→ Material shown:
+--

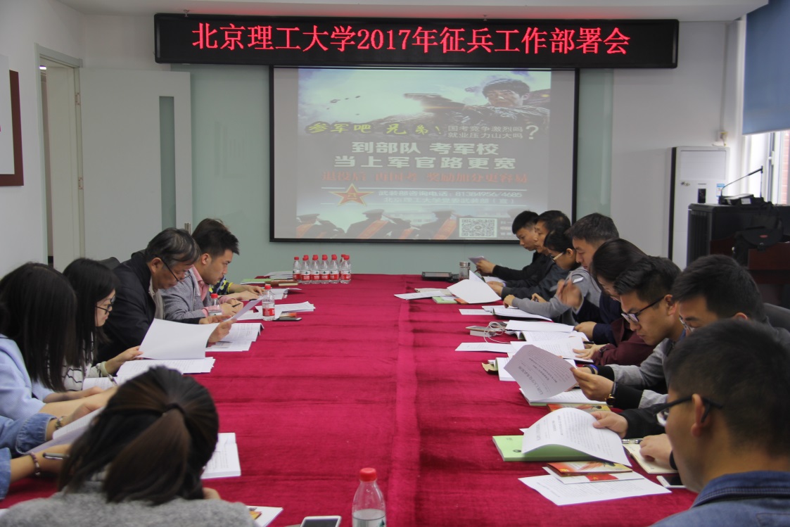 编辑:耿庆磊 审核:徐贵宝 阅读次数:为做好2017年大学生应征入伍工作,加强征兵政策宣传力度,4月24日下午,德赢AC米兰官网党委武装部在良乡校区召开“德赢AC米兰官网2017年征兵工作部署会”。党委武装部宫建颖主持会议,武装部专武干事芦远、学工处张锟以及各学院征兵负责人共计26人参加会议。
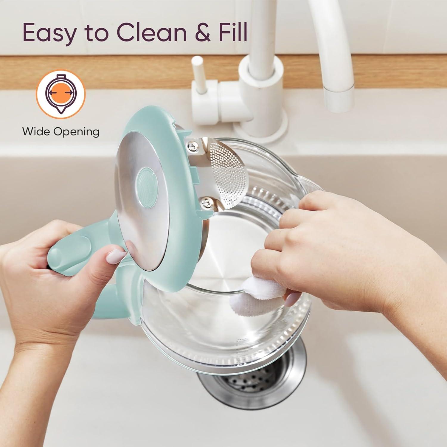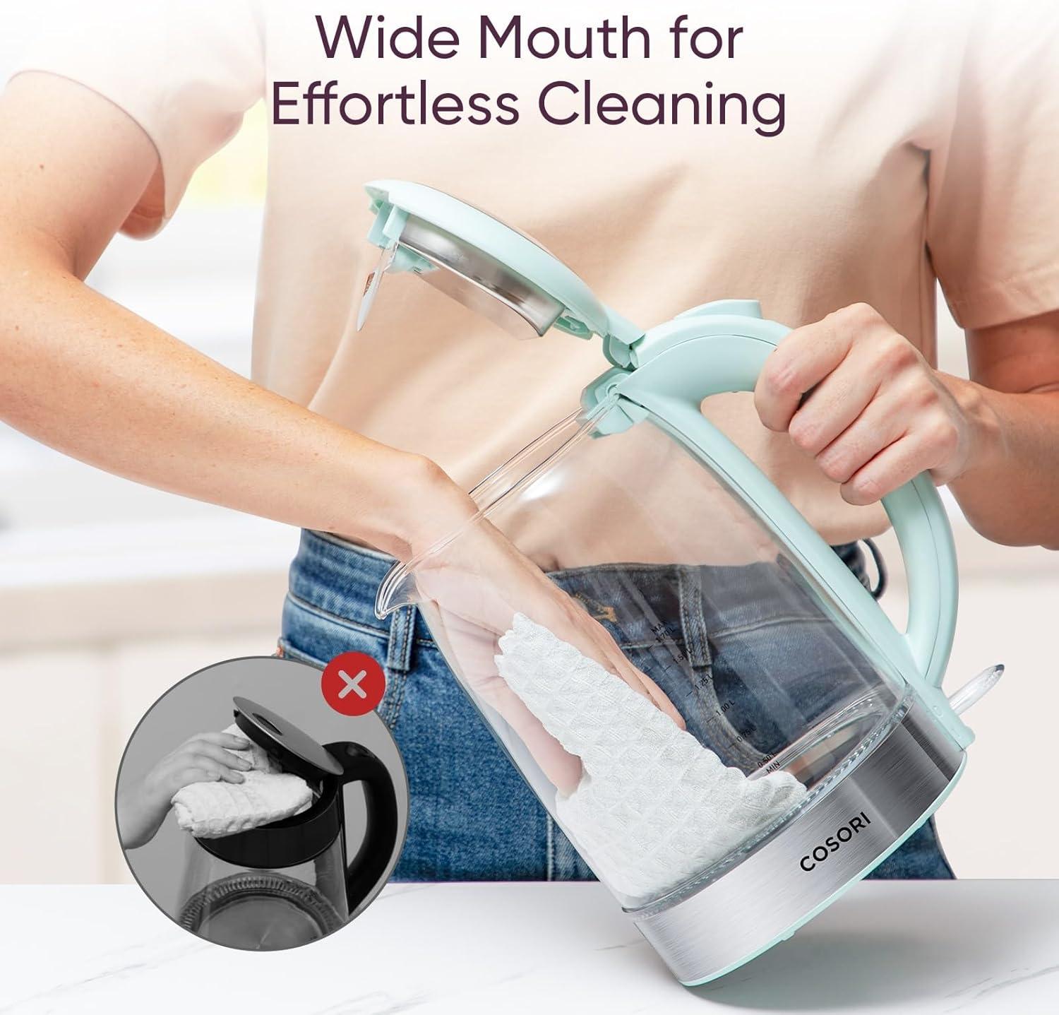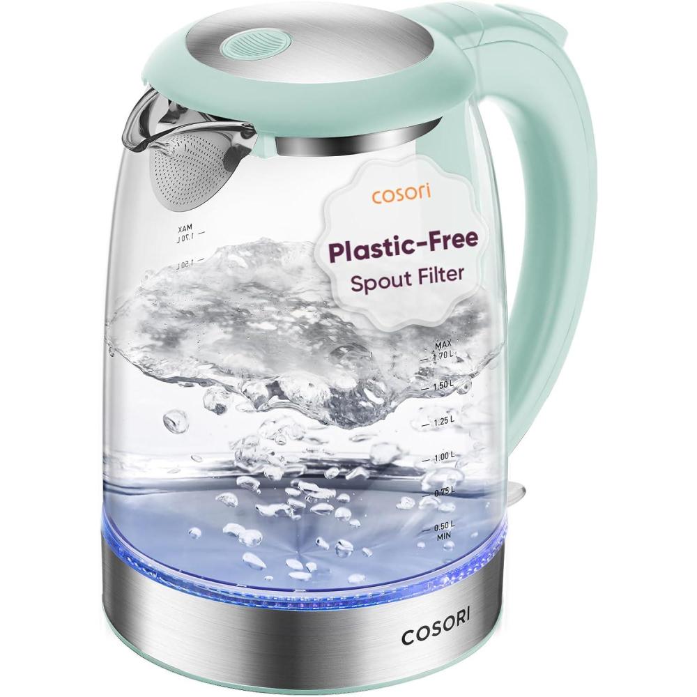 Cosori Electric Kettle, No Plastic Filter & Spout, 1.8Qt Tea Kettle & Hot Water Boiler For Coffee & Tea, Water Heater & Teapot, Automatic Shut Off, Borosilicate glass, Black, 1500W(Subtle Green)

+--

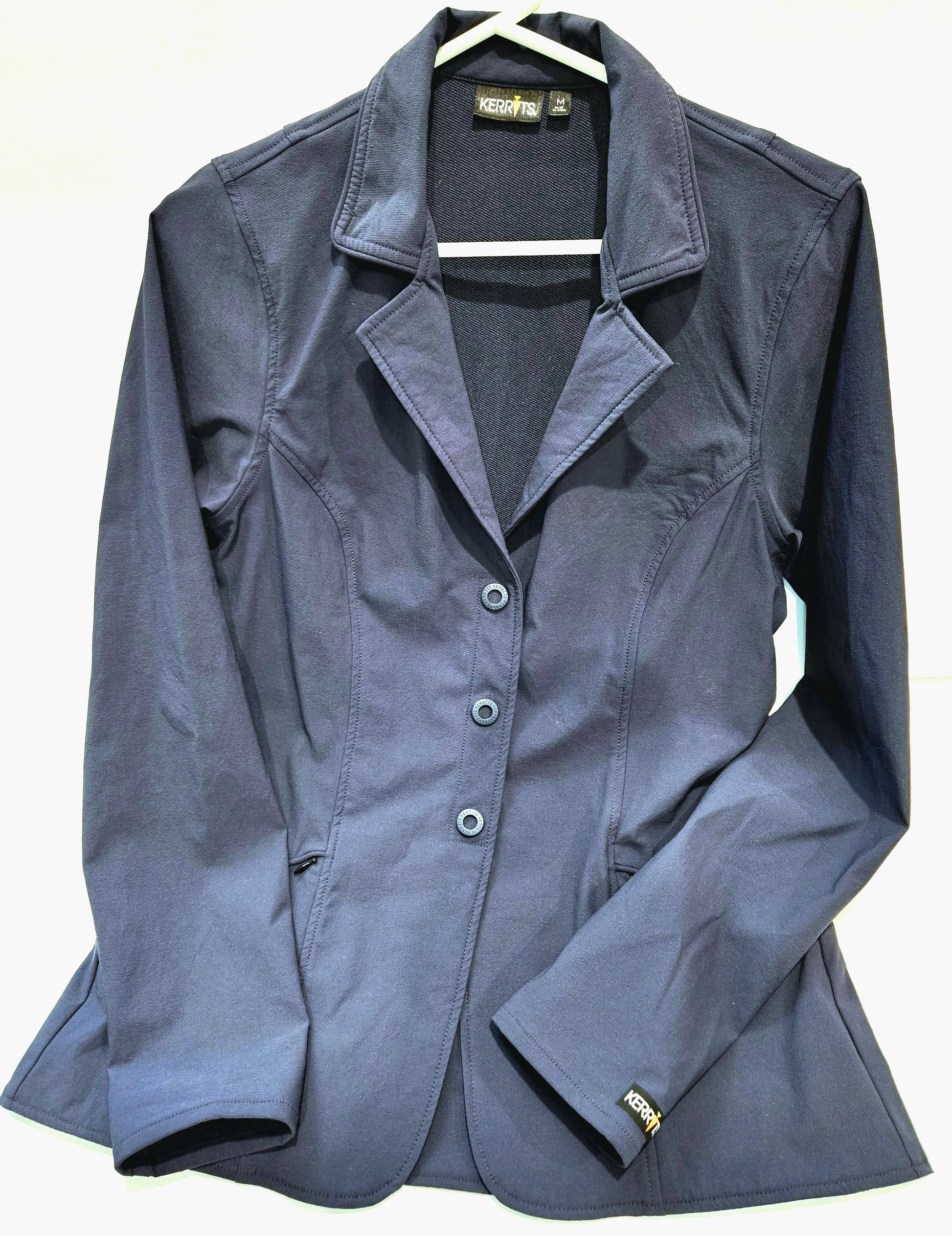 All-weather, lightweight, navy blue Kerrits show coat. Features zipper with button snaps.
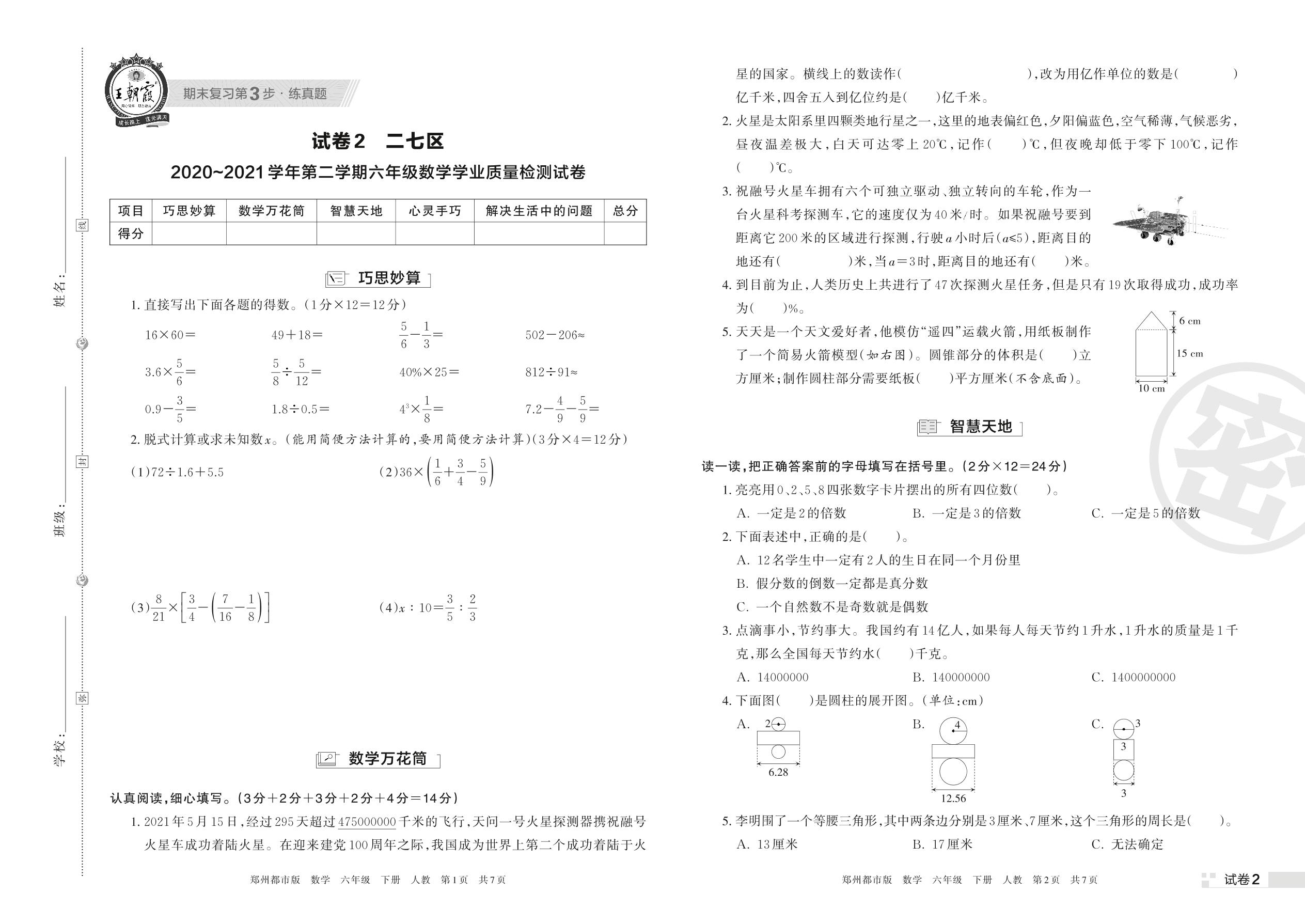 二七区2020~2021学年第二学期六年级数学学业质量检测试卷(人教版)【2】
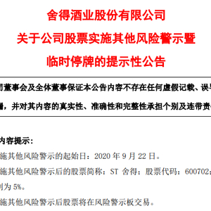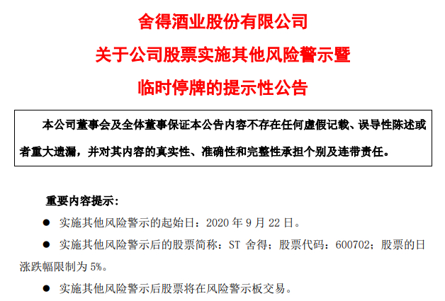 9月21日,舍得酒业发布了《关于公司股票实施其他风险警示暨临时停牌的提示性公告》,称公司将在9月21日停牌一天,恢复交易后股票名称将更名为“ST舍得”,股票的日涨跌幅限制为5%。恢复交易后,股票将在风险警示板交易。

+--

→ Prompt: In the records above, find the line with "二七区2020~2021学年第二学期六年级数学学业质量检测试卷(人教版)【2】" and the line with "9月21日,舍得酒业发布了《"; please transcribe exactly those two lines and all lines between them, omitting any picture.

→ Written reply:
 二七区2020~2021学年第二学期六年级数学学业质量检测试卷(人教版)【2】
 9月21日,舍得酒业发布了《关于公司股票实施其他风险警示暨临时停牌的提示性公告》,称公司将在9月21日停牌一天,恢复交易后股票名称将更名为“ST舍得”,股票的日涨跌幅限制为5%。恢复交易后,股票将在风险警示板交易。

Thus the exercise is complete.